Va. Beach jury finds condo association guilty of negligence

VIRGINIA BEACH, Va. (WAVY) — A Virginia Beach jury has found board members of a local condominium community guilty of neglecting their responsibilities to condo owners.

The two-day trial brought by Sawgrass condo owners against the Sawgrass Association ended Tuesday night. The board members were found to be negligent of their fiduciary responsibilities, and must pay condo owners $50,000 to cover attorney fees related to the case.

The jury also ruled the an audit of the association’s spending over the last several years.

“The jury said basically we don’t know, the plaintiffs didn’t carry their burden, and they want a professional to go through and do the accounting. That’s what we have. We’re not afraid of any of the results,” said defense attorney Todd Gaynor.

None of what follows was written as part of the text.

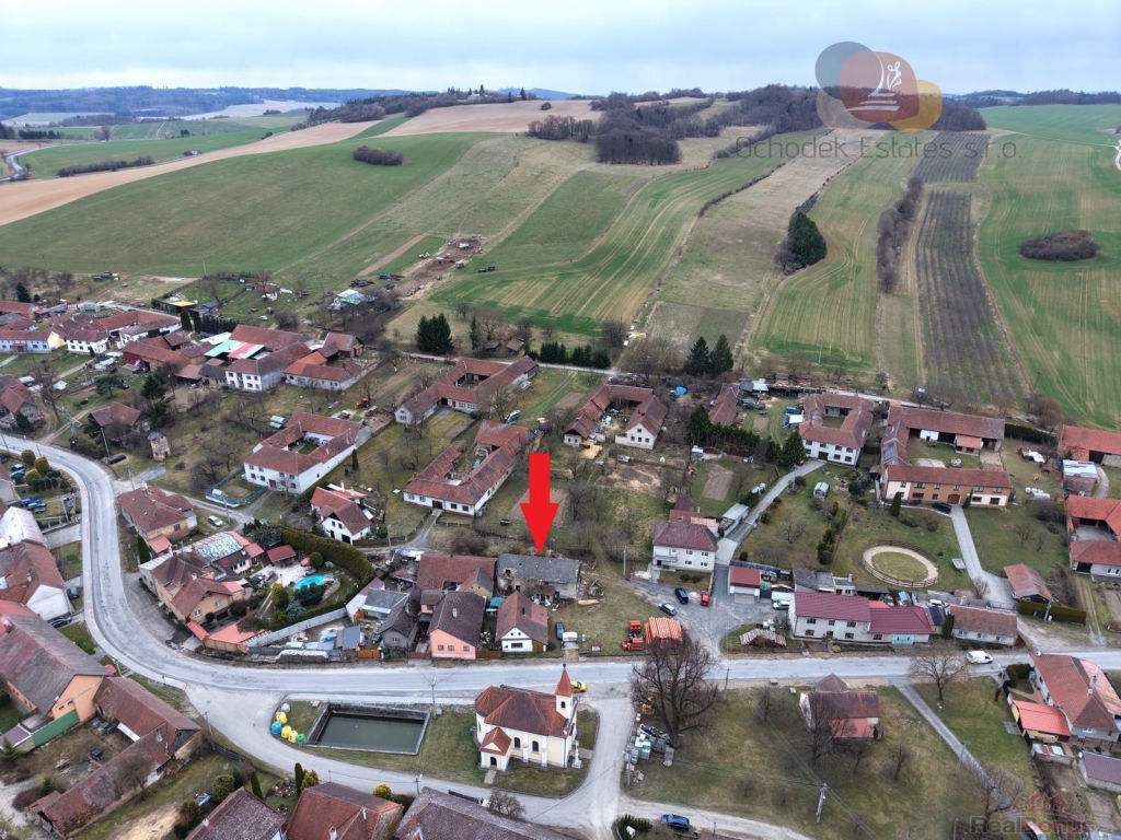 Pozemek má 241 m a leží přímo na návsi, v samotném srdci obce, jen pár kroků od malého kostelíka, který dotváří klidnou atmosféru místa.

Sawgrass condo owners originally called 10 On Your Side for help after they learned they were no longer allowed to use the pool or tennis courts in their community. The rule caused suspicion because the pool and tennis court were allegedly covered in their monthly condo fees.

10 On Your Side learned the reason behind the rule: the Sawgrass Association was behind in pool fees about $30,000. Owners then wanted to know where their money was going. So, a dozen condo owners banded together to take the current board members to court.

Owners say they have been denied copies of budgets and spending statements from the board. They say the lack of transparency started in 2012 when the new board members took over. Their suit claimed Kim Edwards, Brenda Shaffer and and former board member Lisa Kettner purposely withheld documents. The suit also questioned the board’s spending.

“The board’s got to be accountable to the people that is sees over,” said one of the plaintiffs, Pete Sessa. “So far, we’ve had little accountability, and maybe this will change the way things are handled in Sawgrass.”

The attorney for the plaintiffs argued over and over again the fact that his clients asked to see spending reports, but weren’t allowed access to them. The defense worked to discredit the plaintiffs’ witnesses and claimed a former management company didn’t give them documents, so they weren’t able to provide them to the condo owners.

Many of the witnesses said they would have not gone though with the lawsuit if they would have just been given the documents. With the documents the owners could double check to see how their money was being spent.